I'm glad the season is drawing to a close tbh, getting a wee bit jaded writing names and using my fingers to count.


----------



## rich p (11 Sep 2016)

Cheers Marmy - I am the Chris Horner of Spanish punditry!


----------



## roadrash (11 Sep 2016)

Maybe we should all chuck in and buy you one of these


----------



## themosquitoking (12 Sep 2016)

Thank you @Marmion, sterling work as ever.


----------



## brommers (12 Sep 2016)

@Marmion

Thanks for the hard work much appreciated


----------



## brommers (12 Sep 2016)

ToB
Stage 8 - Marmy 45, Brommers 25, Crackle, RR, Steve all 5
Jerseys - Marmy 45, Steve 35, RR 25, Brommers 20, Crackle 5
Overall - Marmy 200, Crackle 140, Road Rash and Brommers 120, Steve 85

Well done @Marmion


----------



## Crackle (12 Sep 2016)

The recurring theme of this year is my crap Jersey picks. I shall, in Sky terms, go away and analyse this and come back stronger next year. Or maybe not.


----------



## Pro Tour Punditry (12 Sep 2016)

brommers said:


> ToB
> Stage 8 - Marmy 45, Brommers 25, Crackle, RR, Steve all 5
> Jerseys - Marmy 45, Steve 35, RR 25, Brommers 20, Crackle 5
> Overall - Marmy 200, Crackle 140, Road Rash and Brommers 120, Steve 85
> ...


Thanks brommers, and thanks for doing the numbers


----------



## Pro Tour Punditry (15 Sep 2016)

Eneco Punditry, 7 stages starting on Monday 19th September. A late season race which tends to favour the early season Ardennes/Cobbled Classics riders.
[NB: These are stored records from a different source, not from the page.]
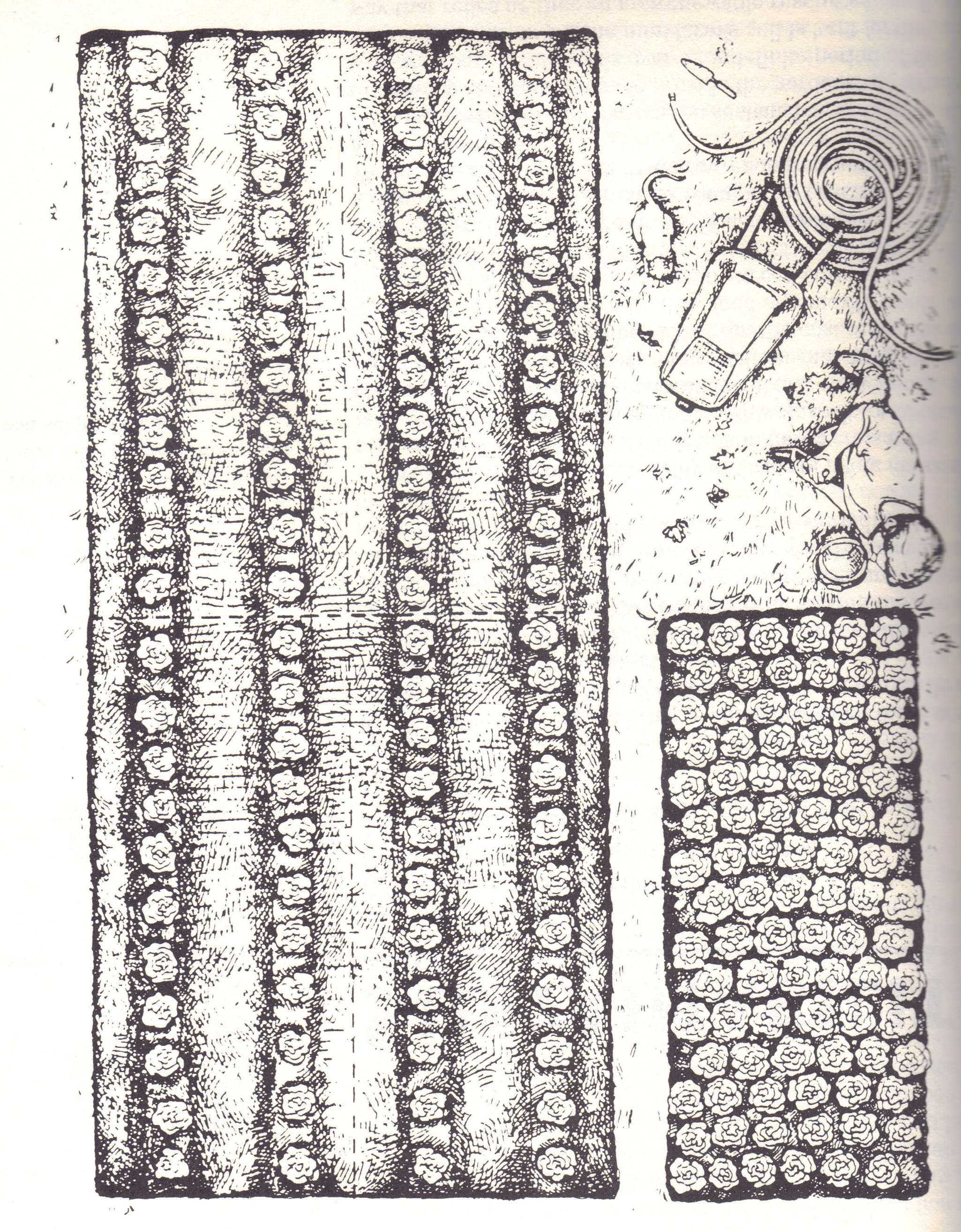 The above shows two different styles of growing: traditional row growing and the biotensive growing method. You can see in the image that the biointensive method uses less space for the same amount of plants! Not only is space better utilized, but using this method, you will use less water, and have less weeds to clear out! Other benefits are: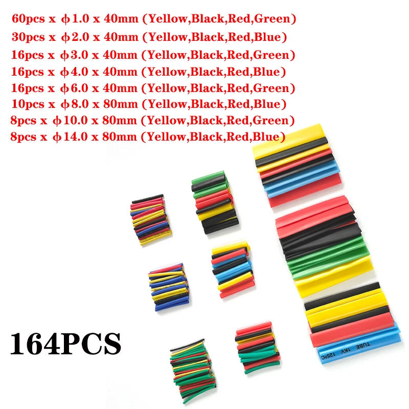 1x164 шт. (8 размеров) 2:1 термоусадочная трубка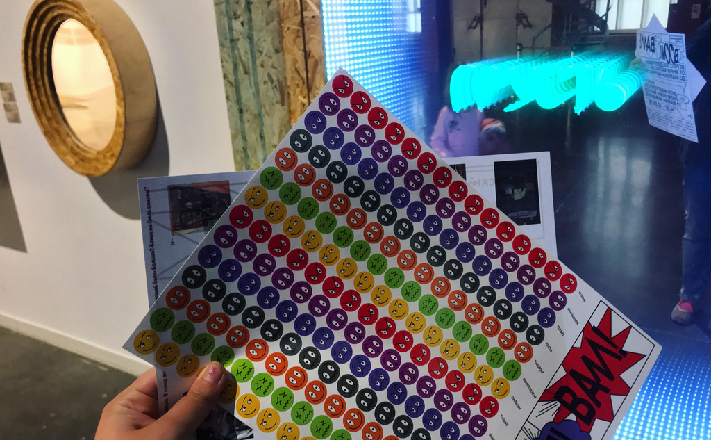 Организаторы предлагают подумать, какие эмоции вы испытываете, глядя на экспонаты, и наклеить соответствующий знак на распечатку с картинами. Определиться с отношением к картине или другому объекту иногда не очень просто. Например, фильм режиссера Герца Франка «На 10 минут старше» вызывает у меня страх. А «Картина с вертикалями» Бриджит Райли оставляет равнодушной. Но наклейки с эмоцией безразличия в наборе нет. Поэтому я решаю просто пропустить ее.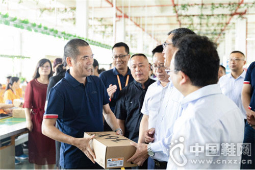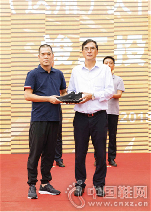 361°集团执行董事兼总裁丁伍号(一排左一)向达州市委副书记、市长郭亨孝(一排左二)赠送361°(达州)大竹鞋服产业园生产线下线第一双鞋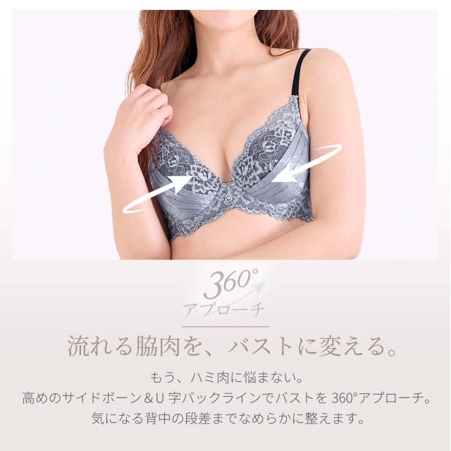 ブラジャーはU字バック×脇高設計で、脇からはみ出るお肉をキャッチ。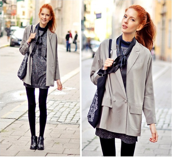 กลับมาที่สาวสวยผมแดงอีกครั้ง คราวนี้เธอโชว์ขาเรียวยาวภายใต้สต็อกกิ้งเนื้อหนาสีดำ โดยท่อนบนเป็นเดรสสีดำขาว หยิบริบบิ้นเส้นยาวมาผูกเป็นโบว์เพิ่มลูกเล่น ก่อนจะสวมแจ็กเก็ตสูทสีเทาทับ ดูเรียบแต่น่ารักดีทีเดียว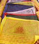Each flag features a large variety of prayers surrounding the center image of lungta, a Windhorse. Lungta is also the Tibetan word for 'prayer flag'.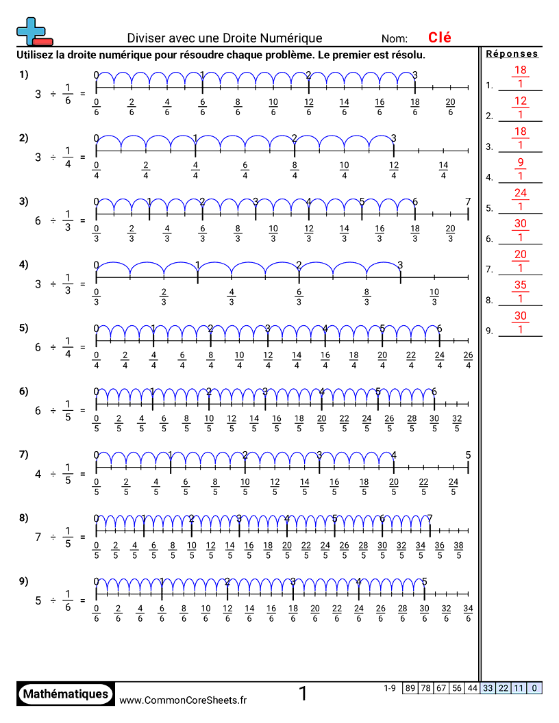 Chaque fiche comporte 9 exercices de division d'un nombre entier par une fraction unitaire avec une droite numérique.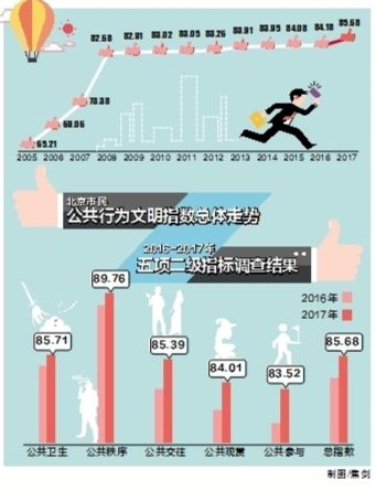 2017年北京市民公共行為文明指數發布:首次突破85,達85.68,比2016年提升了1.5個分值;與2005年相比,這個數字上升了20.47。調查顯示,公共交往、公共觀賞、公共參與指數大幅上升,而“隨地吐痰”“闖紅燈”“不進行垃圾分類”依然是受訪者眼中最不文明的行為。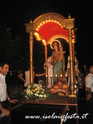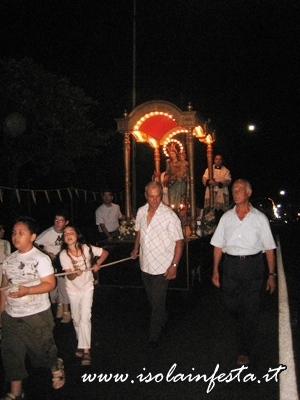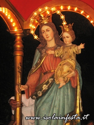 Dopo numerosi momenti di preparazione liturgica, il culmine dei festeggiamenti si hanno con la processione serale per le vie del paese, tra preghiera, note della banda musicale, e lo sparo dei fuochi d’artificio per le vie del borgo.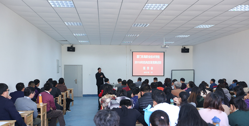 1月17日下午,新东海迎来新一轮的中层以上领导干部竞聘述职活动,泉舜集团吴泉水董事长、李少民副董事长(总裁)、李云昆副总裁等一行领导亲临竞聘报告会现场,与全校教职工共同见证学校新一轮人事改革的高规格开端。本次共有14名教工参与校办、招办、教务处等五个部门的主要领导岗位的竞聘或述职,他们中有博士研究生学历的学者,也有具备几十年行业工作经验的专家,还有十几年如一日奋战在学校一线岗位的东海人。他们的参与,为我校推行“能者上,庸者下”的人事改革,打造年轻化、专业化,富有事业激情和专业水准的工作队伍,做出了积极的示范。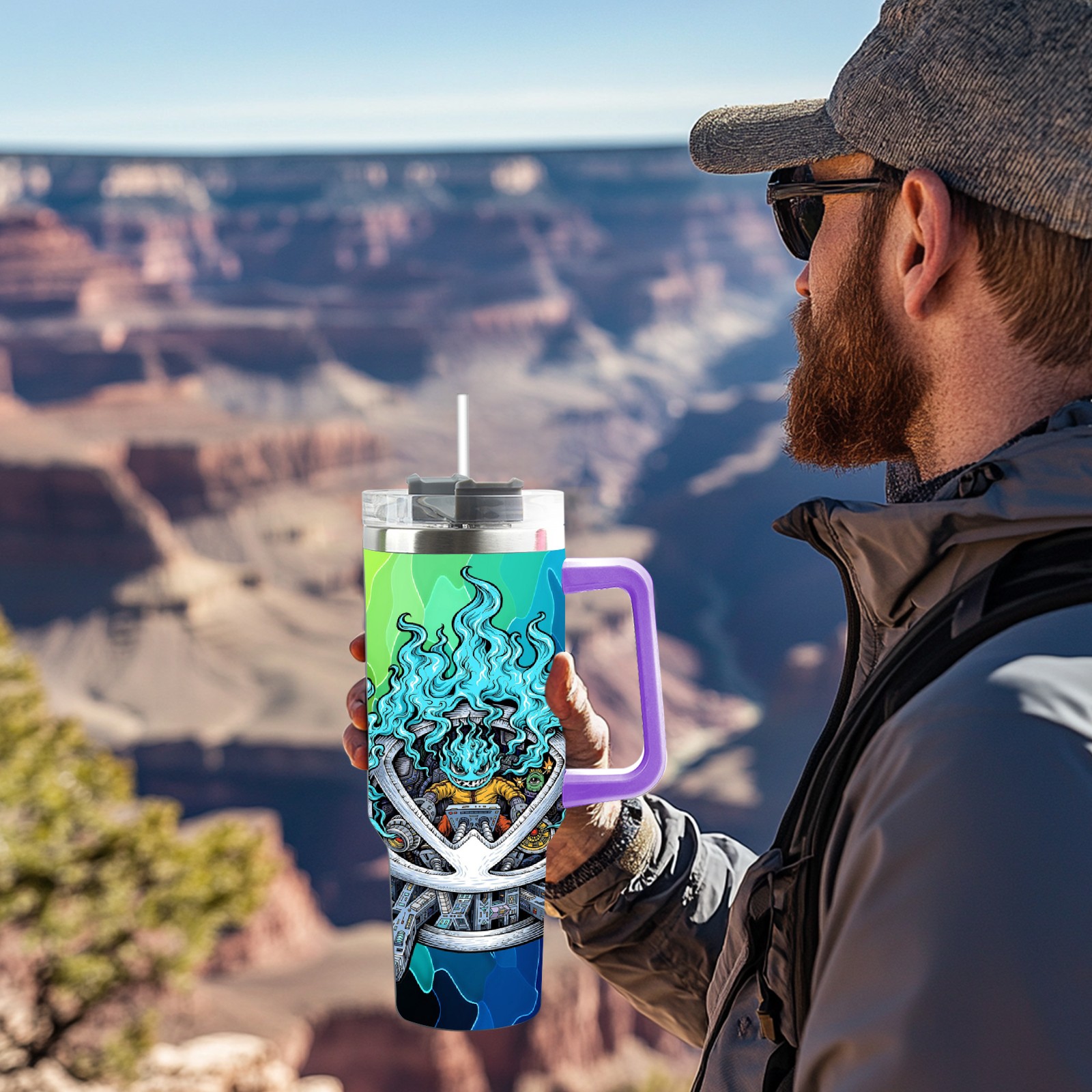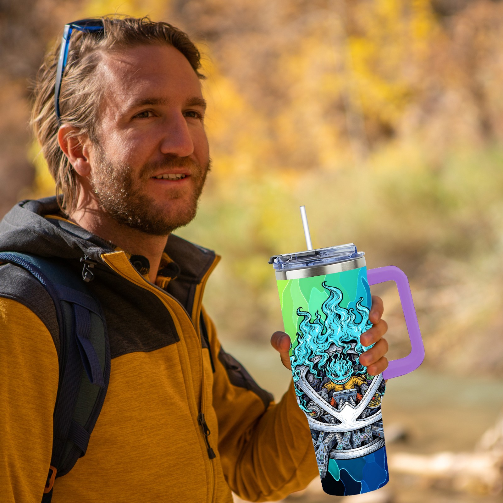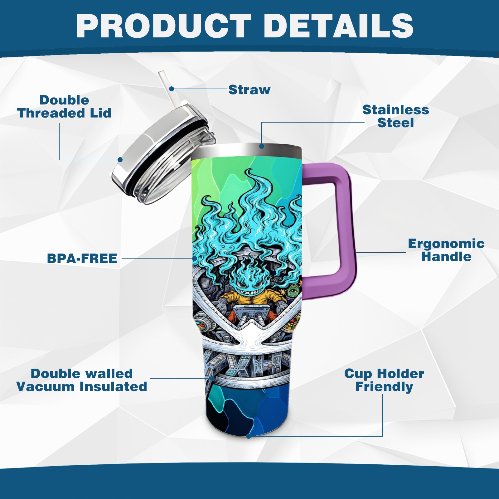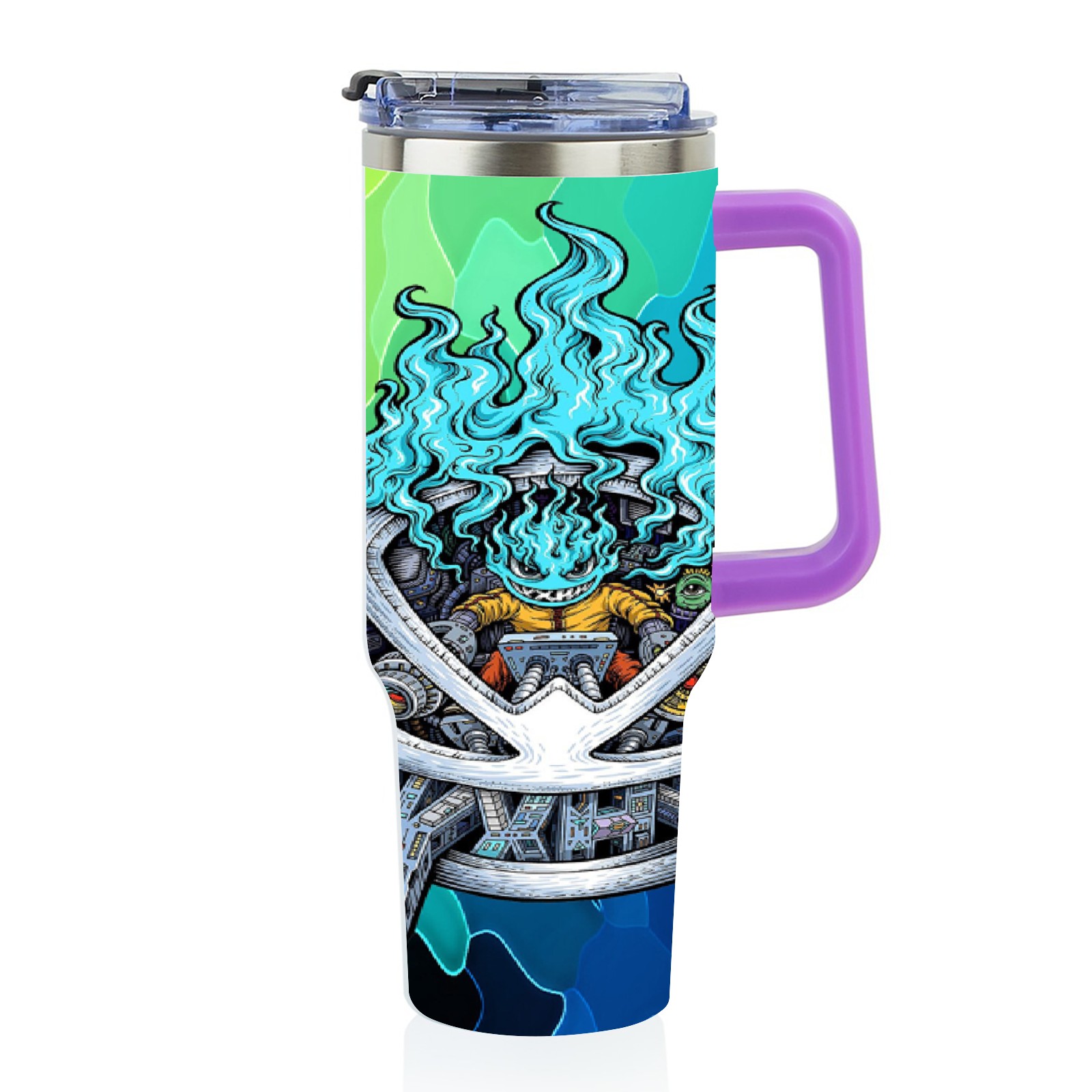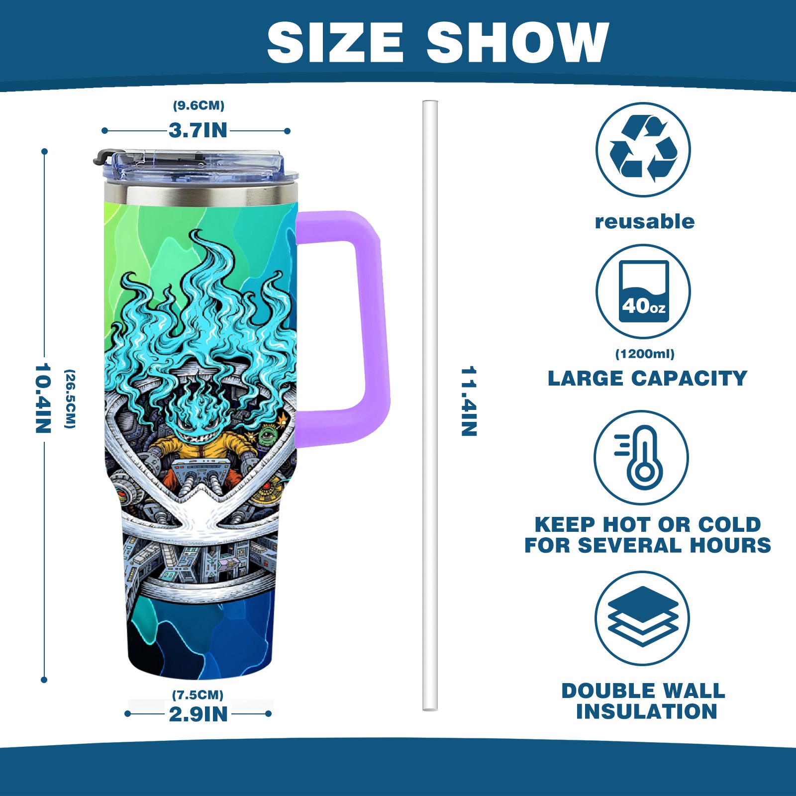 40oz 篮火幽灵 thermos with lid and straw, leak-proof stainless steel, with handle, spill-proof bottle, convenient for travel(purple)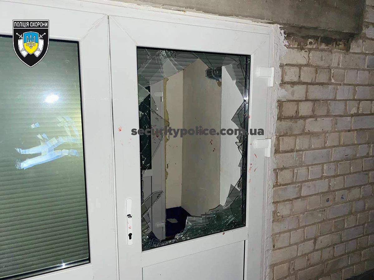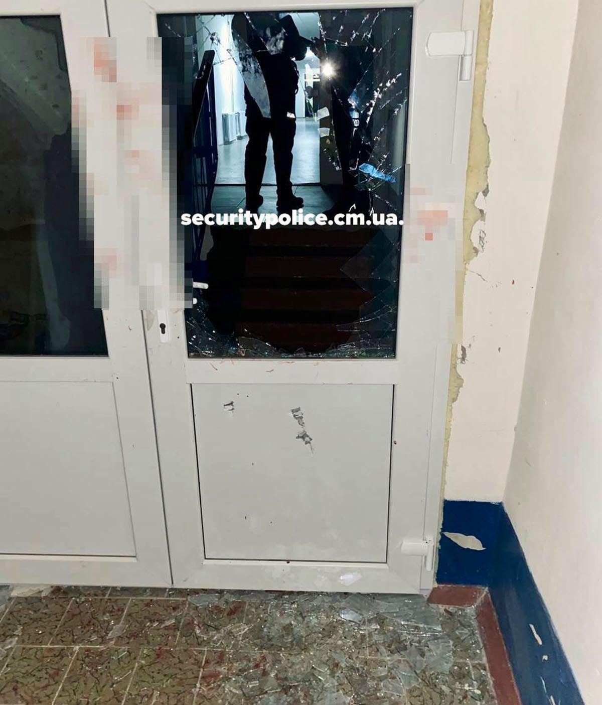 Прибувши до навчального закладу наряд реагування, під час обстеження об'єкта та прилеглої території, виявили розбите скло на металопластикових дверях та сліди крові на них. На місце події було викликано додатковий наряд ГРПП для надійного блокування об'єкта, адже були підозри, що в середині знаходиться стороння особа.

Stage 2 is ITT and stage 5 is TTT (the first time there has been a TTT since the 2012 version)

Jerseys - GC, Sprint and Combativity (intermediate sprints, recently won by a succession of mostly unknown Belgians, hint-hint...), scoring 30, 25, 20,15,10
Stages score 25, 20, 15, 10, 5


----------



## Pro Tour Punditry (15 Sep 2016)

Startlist, which looks very strong, is here:
http://firstcycling.com/race.php?r=21&y=2016&k=start


----------



## brommers (15 Sep 2016)

Marmion said:


> (intermediate sprints, recently won by a succession of mostly unknown Belgians, hint-hint...)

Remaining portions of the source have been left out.